Prólogo
Epílogo
Conto
— Droga! – gritou, com os pulmões já exaustos da
constante tosse que o afligia desde a última sexta-feira. – Não
dá pra ter sossego?
O notebook foi jogado na pilha de travesseiros, emitindo
um clique ao apagar a luzinha azul perdida entre as
entradas para diversos cabos diferentes.
Puxando o carregador do celular, o garoto desconectou
o aparelho do computador e vestiu depressa os chinelos,
antes que pisasse no chão frio. O roupão pendurado ao
lado da cama serviu bem como uma capa para protegê-lo do
vento vindo do corredor. Abrir a porta para o resto do prédio
costumava ser aquele arrependimento imediato: paredes
extensas, vizinhos silenciosos e a natureza em constante batalha
atravessando a janela quebrada do jardim de inverno.

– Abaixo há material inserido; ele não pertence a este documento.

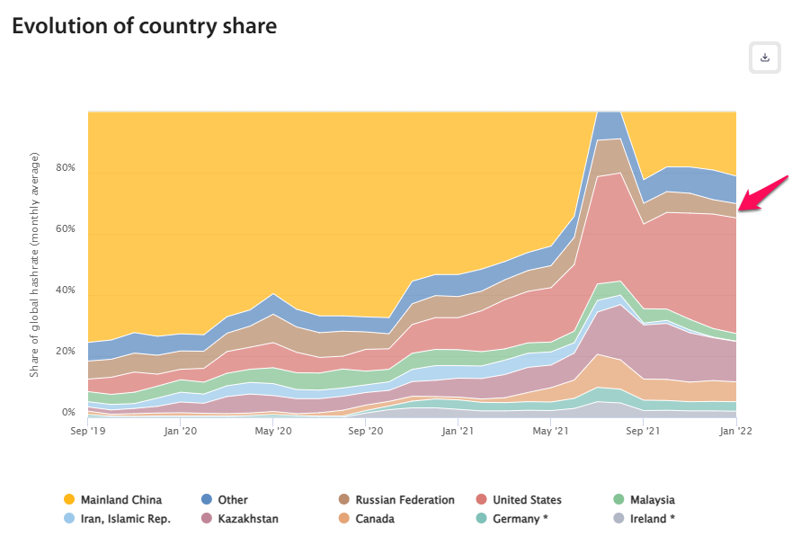وفقًا لـبيانات من جامعة كامبريدج، يمثل تعدين بيتكوين في روسيا 4,7% من الهاشريت العالمي، بانخفاض من 11% في أغسطس 2021. في الوقت نفسه، يحتفظ المعدنون في الولايات المتحدة بأكبر حصة من الهاشريت العالمي بنسبة 37,8%.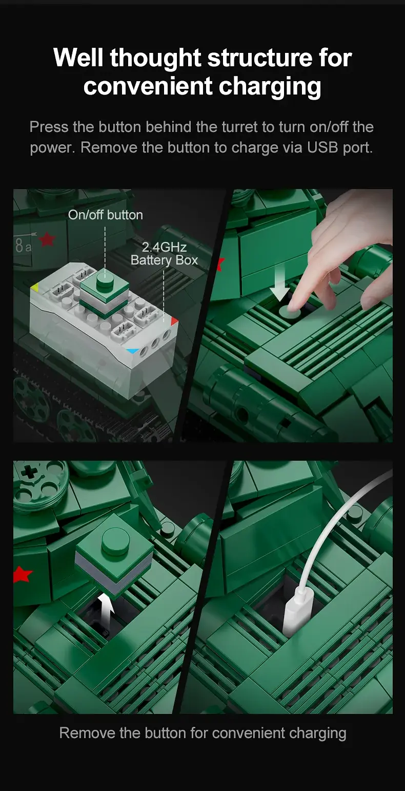 Танк Т34 на радиоуправлении конструктор Cada Technic C61072 Модель легендарного совецкого танка Второй мировой войны очень реалистичный. Зелёный цвет корпуса, топливные баки и выхлопные трубы в задней части кузова, бронированные шторки над гусеницами, люки механиков и командира, пулемет и прожекторы в носовой части боевой машины. Электромоторы обеспечивают движение гусениц и разворот танка на месте, а так же вращение башни на 360 градусов в обе стороны.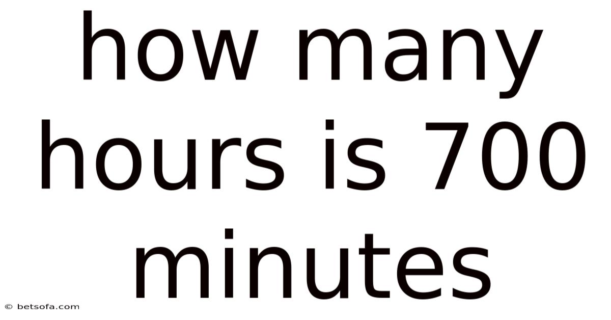 Have you ever found yourself staring at a clock, a recipe, or a workout plan, only to be stumped by a time given in minutes that feels too large to process intuitively? In practice, you're not alone. The simple question, "how many hours is 700 minutes?Now, " is a perfect gateway into the fundamental skill of time conversion—a daily necessity for effective planning, scheduling, and understanding the world around us. On top of that, while the answer is a precise number, the journey to that number reveals the elegant logic of our timekeeping system and equips you with a transferable skill. Think about it: this article will not only give you the definitive answer but will walk you through the why and how, transforming a basic arithmetic problem into a cornerstone of practical numeracy. Understanding this conversion means moving from guesswork to confident calculation in everything from managing a project timeline to deciphering a movie's runtime Worth keeping that in mind..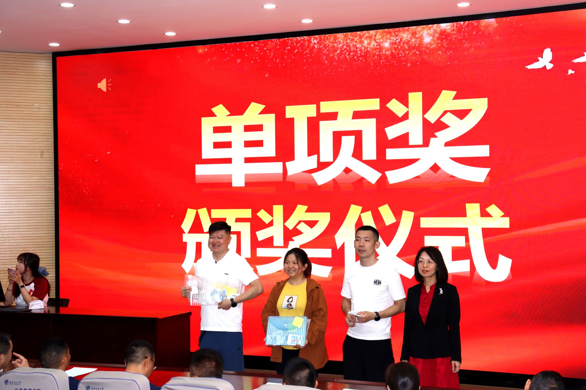 随着校庆系列活动圆满落幕,MK体育副经理彭川宇老师、陈国良老师、杨再苹老师、廖力老师,携手2008级返校员工及2024级全体员工,齐聚九里校区0号教学楼0231教室,共同出席校庆颁奖典礼,见证这一盛典。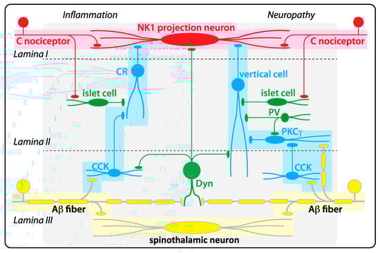 Simplified model of the dorsal horn neuronal circuits of allodynia recruited during inflammation and neuropathy. Under healthy conditions, relay pathways for noxious stimuli (red) and innocuous tactile stimuli (yellow) are strictly separated. Noxious stimuli enter the superficial layers of the dorsal horn via nociceptive C fibers, which activate neurokinin 1 receptor positive (NK1) projection neurons located in lamina I. Tactile input is conveyed by myelinated Aβ fibers, which activate spinothalamic projection neurons in the deep dorsal horn. Polysynaptic connections between both modalities are preexisting (blue) but normally silenced by glycinergic and GABAergic input. In inflammation (left), the pathway starts with cholecystokinin (CCK) positive excitatory interneurons that are activated by Aβ fibers and project to calretinin positive neurons (CR), which then excite NK1 projection neurons in lamina I. In neuropathy, the pathway also begins with cholecystokinin (CCK) positive interneurons, which activate PKCγ positive interneurons. The PKCγ interneurons the project to so-called vertical cells, which connect to lamina I NK1 projection neurons. PKCγ positive neurons can also be directly activated by Aβ fiber input. Several types of inhibitory interneurons (green) silence these polysynaptic pathways, among them are parvalbumin positive (PV) neurons, dynorphin positive interneurons (Dyn), and so-called islet cells. Dyn and PV neurons evoke postsynaptic responses with a strong glycinergic component. About half of the more superficially located islet cells release glycine in addition to GABA. Many of these inhibitory interneurons are activated by input from nociceptors or non-nociceptive Aβ fibers and thereby provide feed-forward inhibition. Schemes are based on [16,17].
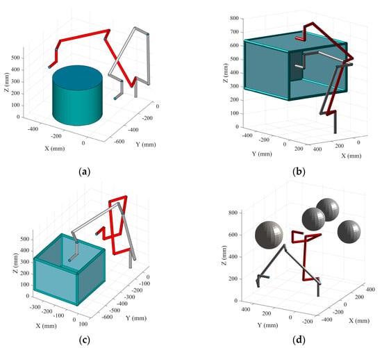 Four obstacle environments were simulated and designed, which were defined as cylinder scene, drawer scene, box scene, and sphere scene, respectively, as shown in Figure 8. The capsules are used to represent the linkage of the UR5 robot and obstacles are composed of spheres, capsules, and planes. The experiments were performed on an IntelⓇ CoreTM i7-9750H, @2.60GHz CPU.

Com as pontas de seus dedos já inchadas com o frio, a
simples tarefa de trancar a quitinete foi um desafio. Girando
as chaves duas vezes, assim garantido que a noite não lhe
pregaria nenhuma armadilha, seguiu para o andar de cima,
depois para mais um, e então encontrou o lance de escadas
da saída de emergência e, ao lado dele, os pequenos degraus
garantindo acesso à porta da casa de máquinas.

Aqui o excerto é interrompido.